▶ **PROVIDED DATA**:
----------
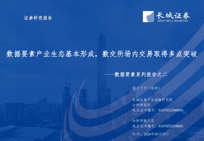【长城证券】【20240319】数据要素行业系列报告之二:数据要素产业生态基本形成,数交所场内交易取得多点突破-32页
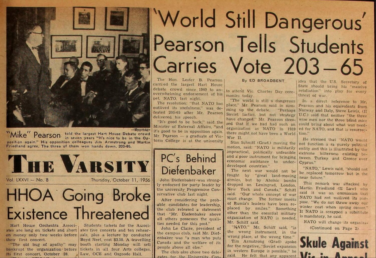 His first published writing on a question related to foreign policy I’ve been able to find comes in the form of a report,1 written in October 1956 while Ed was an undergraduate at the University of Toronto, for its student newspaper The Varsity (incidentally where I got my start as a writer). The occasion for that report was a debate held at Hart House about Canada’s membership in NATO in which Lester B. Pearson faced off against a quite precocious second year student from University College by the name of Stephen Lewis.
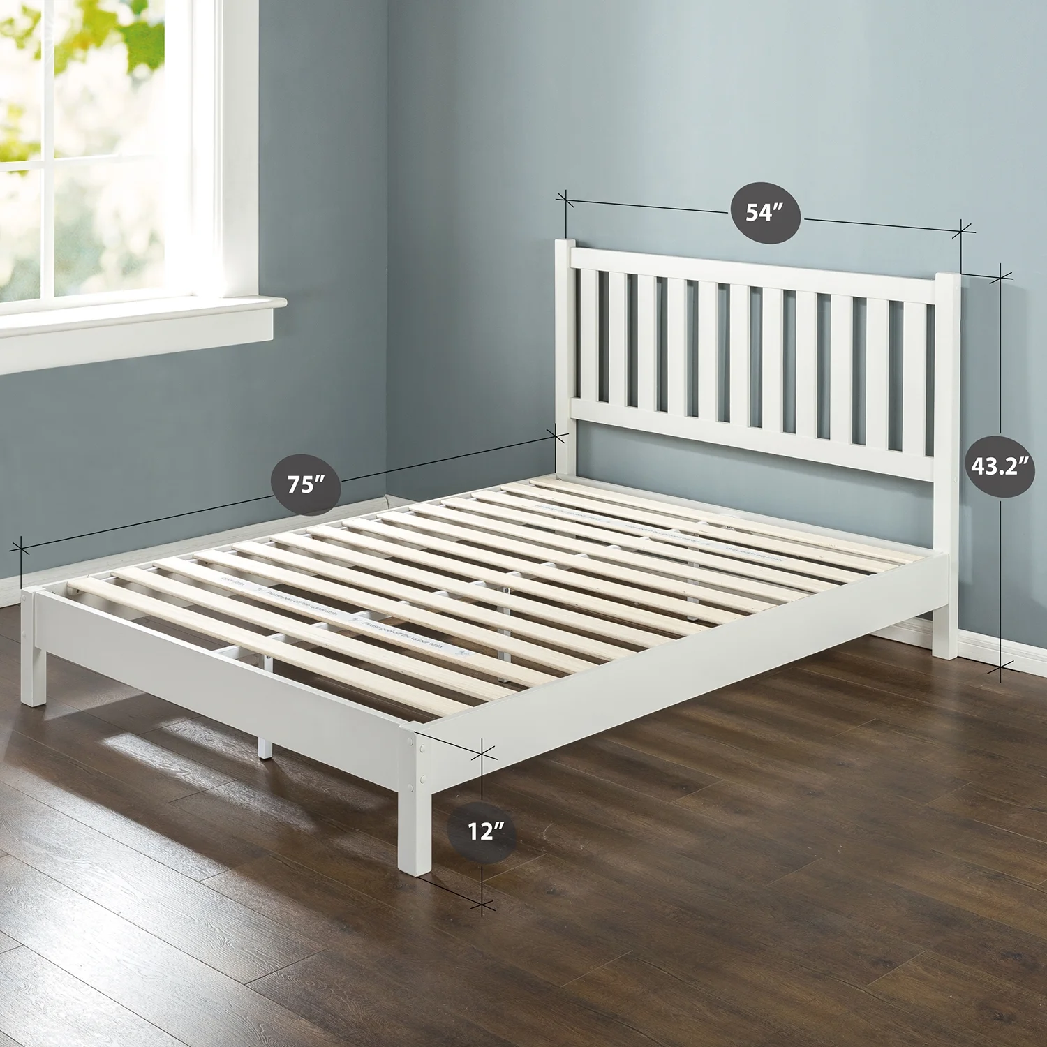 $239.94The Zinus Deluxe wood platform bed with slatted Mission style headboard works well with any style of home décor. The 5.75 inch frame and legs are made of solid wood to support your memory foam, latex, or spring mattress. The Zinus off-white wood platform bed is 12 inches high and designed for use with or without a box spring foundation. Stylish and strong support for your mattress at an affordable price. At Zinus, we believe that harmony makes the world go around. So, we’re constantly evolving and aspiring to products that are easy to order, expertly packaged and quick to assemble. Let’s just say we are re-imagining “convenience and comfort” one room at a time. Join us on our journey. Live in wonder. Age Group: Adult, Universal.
----------
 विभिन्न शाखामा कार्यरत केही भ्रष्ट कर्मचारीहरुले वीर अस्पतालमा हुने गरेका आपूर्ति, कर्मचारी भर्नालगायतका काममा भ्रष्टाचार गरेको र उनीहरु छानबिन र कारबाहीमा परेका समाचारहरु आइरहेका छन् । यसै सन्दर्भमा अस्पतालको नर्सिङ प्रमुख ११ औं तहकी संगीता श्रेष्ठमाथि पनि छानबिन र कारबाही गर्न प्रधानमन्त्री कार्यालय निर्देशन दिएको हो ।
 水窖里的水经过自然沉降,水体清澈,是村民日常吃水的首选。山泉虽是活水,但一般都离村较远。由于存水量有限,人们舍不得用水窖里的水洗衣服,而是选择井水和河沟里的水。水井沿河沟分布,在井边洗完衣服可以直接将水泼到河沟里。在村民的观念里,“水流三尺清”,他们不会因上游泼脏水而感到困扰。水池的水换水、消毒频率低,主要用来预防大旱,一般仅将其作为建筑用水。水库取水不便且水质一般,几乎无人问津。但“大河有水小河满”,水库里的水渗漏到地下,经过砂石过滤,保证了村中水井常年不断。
----------
▶ **EXERCISE AIM**: Would you print exactly and only the lines of the material above that run from the line with "विभिन्न शाखामा कार्यरत" through the line with "水窖里的水经过自然沉降,水体", both included?

▶ **RESULT OF THE EXERCISE**:
 विभिन्न शाखामा कार्यरत केही भ्रष्ट कर्मचारीहरुले वीर अस्पतालमा हुने गरेका आपूर्ति, कर्मचारी भर्नालगायतका काममा भ्रष्टाचार गरेको र उनीहरु छानबिन र कारबाहीमा परेका समाचारहरु आइरहेका छन् । यसै सन्दर्भमा अस्पतालको नर्सिङ प्रमुख ११ औं तहकी संगीता श्रेष्ठमाथि पनि छानबिन र कारबाही गर्न प्रधानमन्त्री कार्यालय निर्देशन दिएको हो ।
 水窖里的水经过自然沉降,水体清澈,是村民日常吃水的首选。山泉虽是活水,但一般都离村较远。由于存水量有限,人们舍不得用水窖里的水洗衣服,而是选择井水和河沟里的水。水井沿河沟分布,在井边洗完衣服可以直接将水泼到河沟里。在村民的观念里,“水流三尺清”,他们不会因上游泼脏水而感到困扰。水池的水换水、消毒频率低,主要用来预防大旱,一般仅将其作为建筑用水。水库取水不便且水质一般,几乎无人问津。但“大河有水小河满”,水库里的水渗漏到地下,经过砂石过滤,保证了村中水井常年不断。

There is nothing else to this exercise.